Одновременно с этим коммерция по всей Европе выходила в овердрайв. Население с 1800 года выросло почти на 40 %, и промышленники делали все возможное, чтобы насытить такой огромный рынок. Раньше продукты производились только в тех объемах, чтобы удовлетворить спрос, но теперь процесс производства настолько ускорился и подешевел, что жаждущие прибыли производители больше не ждали, когда их товар будет востребован покупателями. Вместо этого они создали свои собственные рынки, и если местных потребителей становилось недостаточно, то наличие новых железных дорог и пароходных линий позволяло им продавать свою продукцию по всему миру. Они полагали, таким образом, что потенциал их коммерции бесконечен. Подобный менталитет был особенно распространен в Англии, самой развитой в промышленном отношении стране мира. Обеспеченные люди больше не задавались вопросом «Что мне нужно?». Главным вопросом эпохи стало «Что я хочу?» — и разрыв между теми, кто мог себе позволить задать этот вопрос, и всем остальным населением рос с ужасающей быстротой {35}.

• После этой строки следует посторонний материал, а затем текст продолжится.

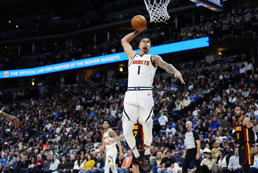 Jan 1, 2025; Denver, Colorado, USA; Denver Nuggets forward Michael Porter Jr. (1) finishes off a basket in the second quarter against the Atlanta Hawks at Ball Arena. Mandatory Credit: Ron Chenoy-Imagn Images

Развитие торговли и производства действительно создавало новые рабочие места, но новые фабрики и шахты все равно не могли обеспечить работой всех желающих, кроме того, хозяева все реже нанимали взрослых мужчин — их труд был практически вытеснен машинами и станками. Выгоднее было брать на работу женщин и детей — и платить им в несколько раз меньше. Кроме того, рабочие места, созданные на новых фабриках и шахтах, не обеспечивали даже того невысокого уровня безопасности и стабильности, к которой привыкли рабочие и их семьи. Ведь они работали на одного и того же хозяина из поколения в поколение, всегда на одном и том же месте. Их жизнь была трудна — но она была частью той фабрики, той небольшой коммуны, к которой они принадлежали. Теперь же эта жизнь — и существование семьи — зависела лишь от прихоти непонятного, зачастую совершенно постороннего человека, «мастера», который был предан исключительно хозяину.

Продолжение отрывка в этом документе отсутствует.